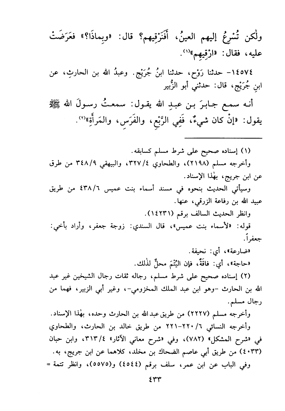 ١٤٥٧٤ - حَدَّثَنَا رَوْحٌ، حَدَّثَنَا ابْنُ جُرَيْجٍ، وَعَبْدُ اللهِ بْنُ الْحَارِثِ، عَنِ ابْنِ جُرَيْجٍ، قَالَ: حَدَّثَنِي أَبُو الزُّبَيْرِ، أَنَّهُ سَمِعَ جَابِرَ بْنَ عَبْدِ اللهِ، يَقُولُ: سَمِعْتُ رَسُولَ اللهِ صَلَّى اللهُ عَلَيْهِ وَسَلَّمَ يَقُولُ: " إِنْ كَانَ شَيْءٌ فَفِي الرَّبْعِ، وَالْفَرَسِ، وَالْمَرْأَةِ " (٢)
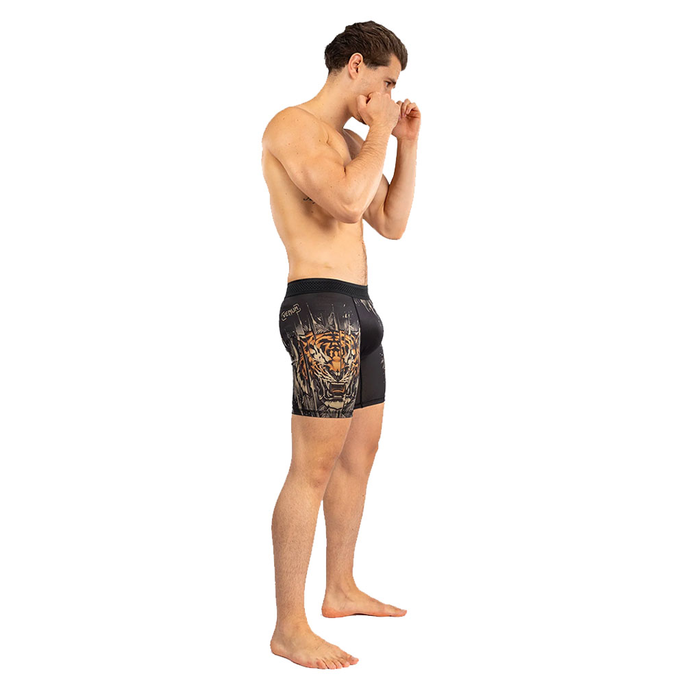 The Venum Tiger Men’s Vale Tudo Shorts are mid-thigh length compression shorts, designed to withstand the most intensive training. The fabric is lightweight and delivers a comfortable “second skin” effect. Compression fabric may promote muscle recovery during and after exercise.
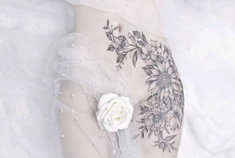 针痕花卉纹身图片_腿部点刺花卉针痕大腿纹身图案
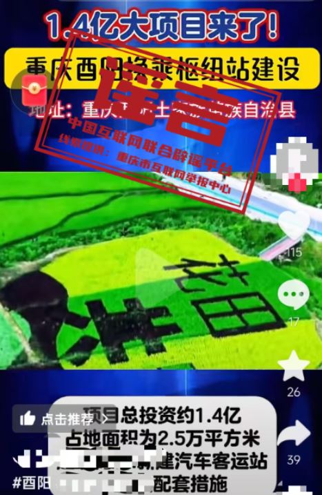 真相:近日,有網(wǎng)民發(fā)布信息稱“1.4億大項(xiàng)目來(lái)了,重慶酉陽(yáng)換乘樞紐站建設(shè),新建汽車客運(yùn)站及相關(guān)配套”,引發(fā)關(guān)注。經(jīng)重慶市酉陽(yáng)縣交通運(yùn)輸委核實(shí),酉陽(yáng)縣正在推進(jìn)桃花源景區(qū)游客集散中心提升項(xiàng)目,暫無(wú)“1.4億建設(shè)換乘樞紐站”項(xiàng)目,網(wǎng)傳信息系謠言。(來(lái)源:“重慶辟謠”微信公眾號(hào))
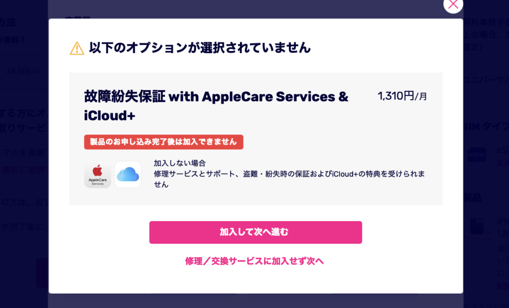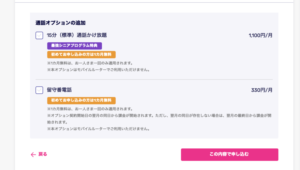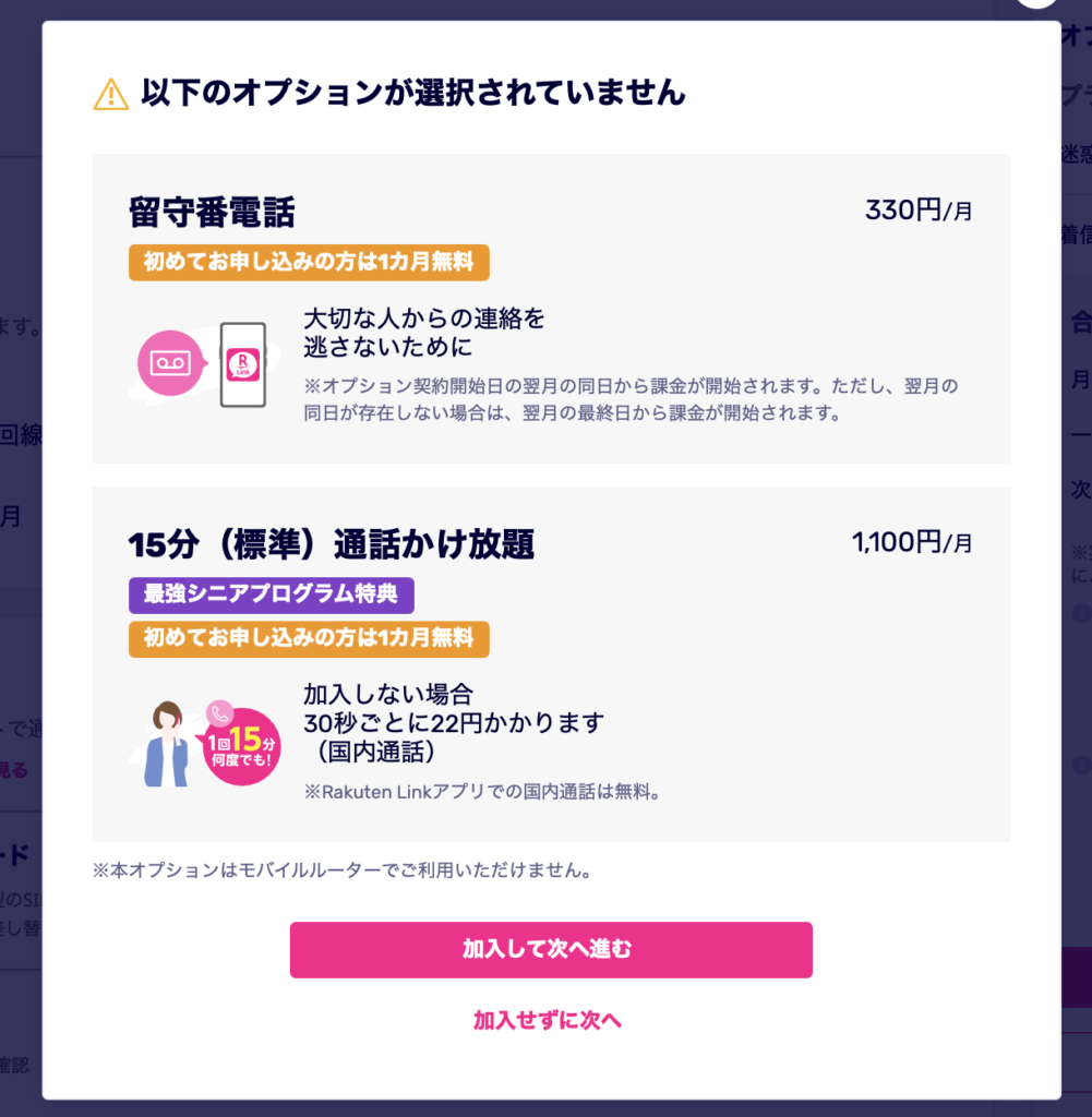 再度オプション未加入の確認画面が出ますが、当然どちらも選択しません。

....

### Task goal
Starting from the line where "针痕花卉纹身图片_腿部点刺花卉针痕大腿纹身图案" appears, copy every line through the end of the material, both ends included, but no pictures.

### Output for this exercise
 针痕花卉纹身图片_腿部点刺花卉针痕大腿纹身图案
 真相:近日,有網(wǎng)民發(fā)布信息稱“1.4億大項(xiàng)目來(lái)了,重慶酉陽(yáng)換乘樞紐站建設(shè),新建汽車客運(yùn)站及相關(guān)配套”,引發(fā)關(guān)注。經(jīng)重慶市酉陽(yáng)縣交通運(yùn)輸委核實(shí),酉陽(yáng)縣正在推進(jìn)桃花源景區(qū)游客集散中心提升項(xiàng)目,暫無(wú)“1.4億建設(shè)換乘樞紐站”項(xiàng)目,網(wǎng)傳信息系謠言。(來(lái)源:“重慶辟謠”微信公眾號(hào))
 再度オプション未加入の確認画面が出ますが、当然どちらも選択しません。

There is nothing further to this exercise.